2. 2) Are there an infinite amount of (non trivial) alternating infinite series in the following form, with r being a variable ratio, and a being a set sequence of numbers (like 2!,4!,6!... or 1!,3!,5!... or 1,20,120, 1200... etc.)

.. that have an infinite amount of zeros as r is increased, similar to sine and cosine?  Reply With Quote

3. Originally Posted by Kharakov How many terms t of e^ia are needed for cosine(a) to be accurate to n decimal places?

f(n,a):= # of terms t of e^ia needed for n decimal accuracy for cosine(a)

disregarding the initial 1...

Do you understand complex numbers?

You are invoking Euler's Formula. e^ix represents a single complex frequency or sin/cos wave. They are real numbers as such infinite. In engineering we convert to phasors to make math easier.

Scroll down to trigonometry
https://en.wikipedia.org/wiki/Euler%27s_formula

https://en.wikipedia.org/wiki/Phasor

I used the Taylor Series to calculate trig functions in embedded computing. I dervived the number of terms needed by calculation.  Reply With Quote

4. Originally Posted by steve_bank Do you understand complex numbers?
No. Ok, I might be being disingenuous. That image is generated with a form of dual (or bi) complex number, rotations, reflections, polygonal (or polyhedral?? I forget) transforms that I wrote a while back.  Reply With Quote

5. To answer more simply the relationship between sin-cos and an a complex exponential is an identity. The transformation to complex exponentials is analogous to transforming to logarithms to perform multiplication and division.

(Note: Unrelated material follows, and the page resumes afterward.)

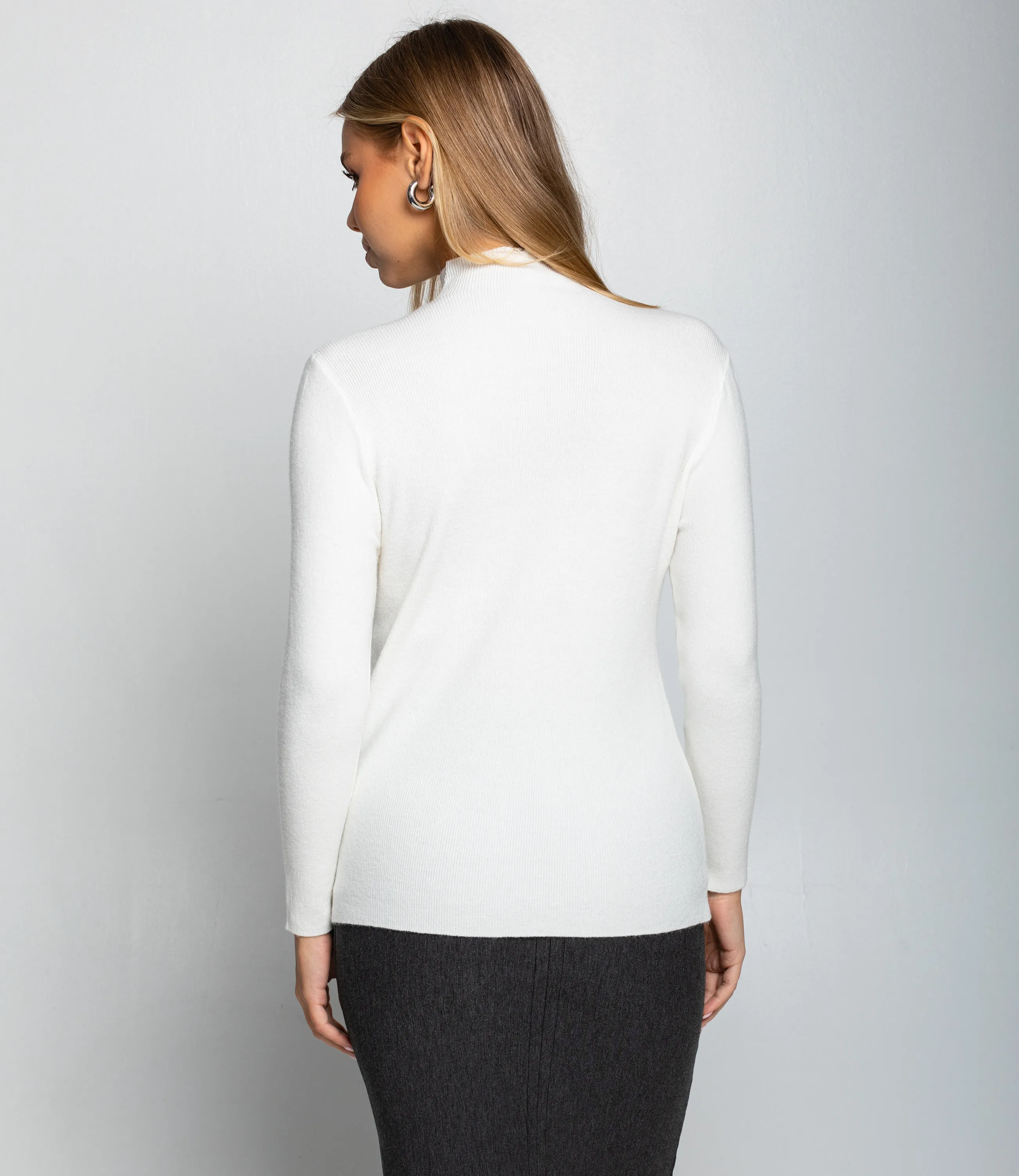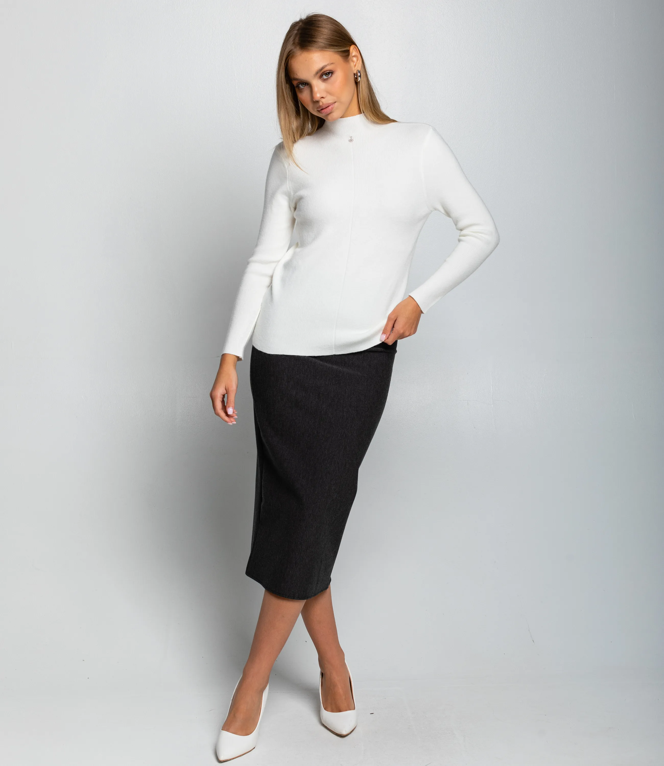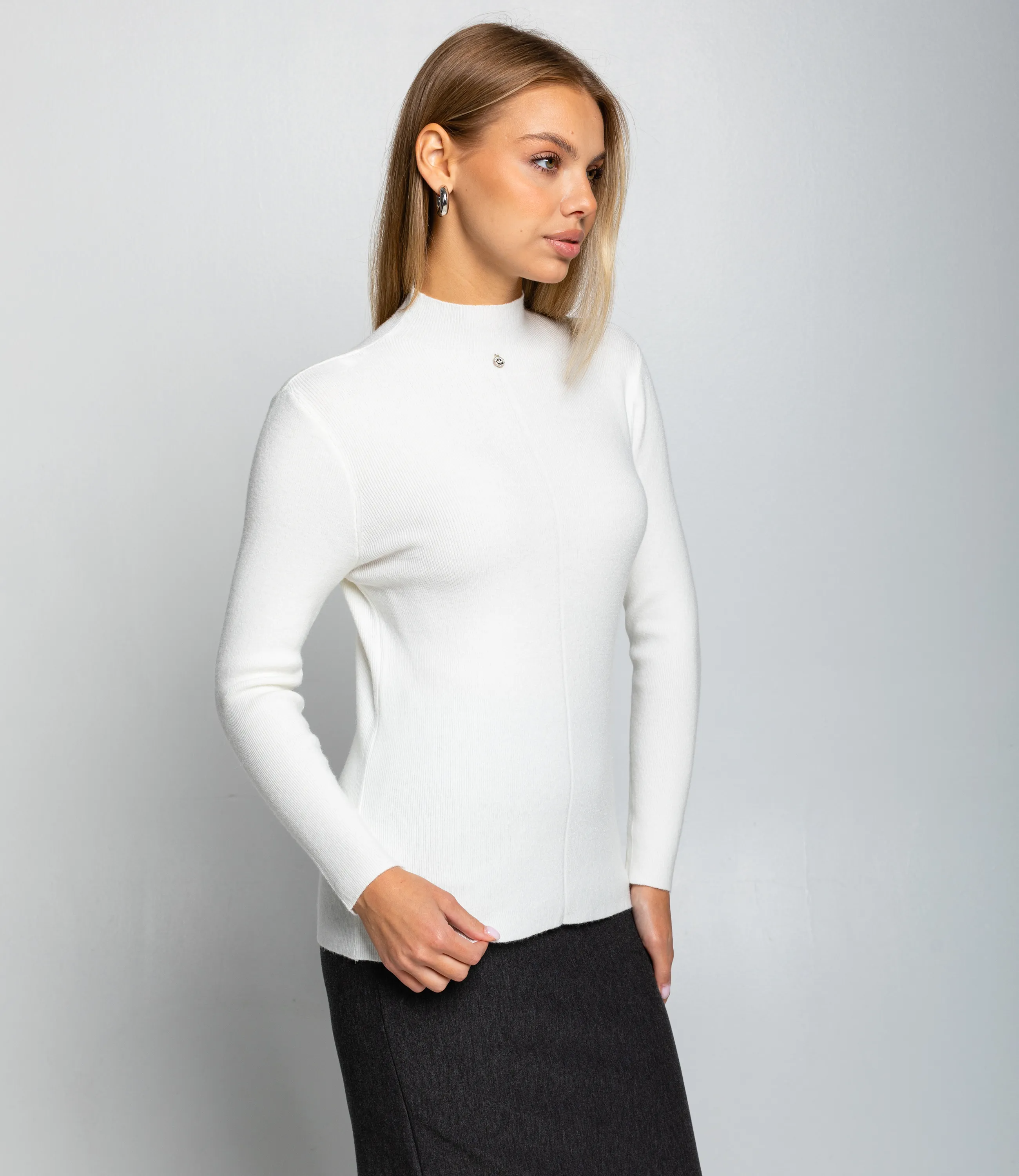 Водолазка — это часть гардероба, которая подчёркивает женственность и утончённость каждой покупательницы. Модель выполнена из гладкого трикотажного материала с тонкой и плотной фактурой; облегающий силуэт, классический высокий воротник и длинные приталенные рукава создают лаконичный и универсальный образ. По центру передней части проходит едва заметный вертикальный шов, добавляющий композиционной строгости и изящества, а небольшая металлическая подвеска‑улыбка со стразами придаёт изделию аккуратную стильную деталь. Водолазка отлично вписывается в базовый гардероб и легко комбинируется с брюками и юбками, а также служит идеальным слоем в многослойных образах. Для пошива использована ткань 65% хлопок, 30% полиэстер, 5% эластан: хлопок обеспечивает комфорт и хорошую воздухопроницаемость, полиэстер повышает прочность и стойкость цвета, эластан гарантирует посадку и сохранение формы после носки и стирок. Материал устойчив к частым стиркам, не деформируется и долго сохраняет презентабельный вид, что снижает количество возвратов и рекламаций. Для оптовых покупателей водолазка является выгодной и оборотистой позицией: базовый дизайн упрощает формирование размерного ряда и уменьшает риск непроданных остатков, а универсальность модели повышает её привлекательность для широкой аудитории. Рост 168, 89-63-90.

a*b = log(a) + log(b)  Reply With Quote

6. Steve, are you fucking with me because I derail threads, or do you really think you answered any question that I asked?

I didn't want to write a formula myself. Damnit. Fuck you guys. I'll do it.

termspart:1-a^2/2, tp1:2,
while floor [(cosine(a) - termspart)*10^n] >0 do [

termspart:termspart+ (-1)^tp1*a^(2*tp1)/((2*tp1)!),
tp1:tp1+1,
disp ("fuck you guys")
],

disp (sconcat("fuck you guys: ", tp1-1))

easier method good enough for my purposes: calculate when 10^(n+1) *[a^(2(t+2))/(((t+2)2)!)] <5  Reply With Quote

7. I paid three dollars for a six pack of Pepsi.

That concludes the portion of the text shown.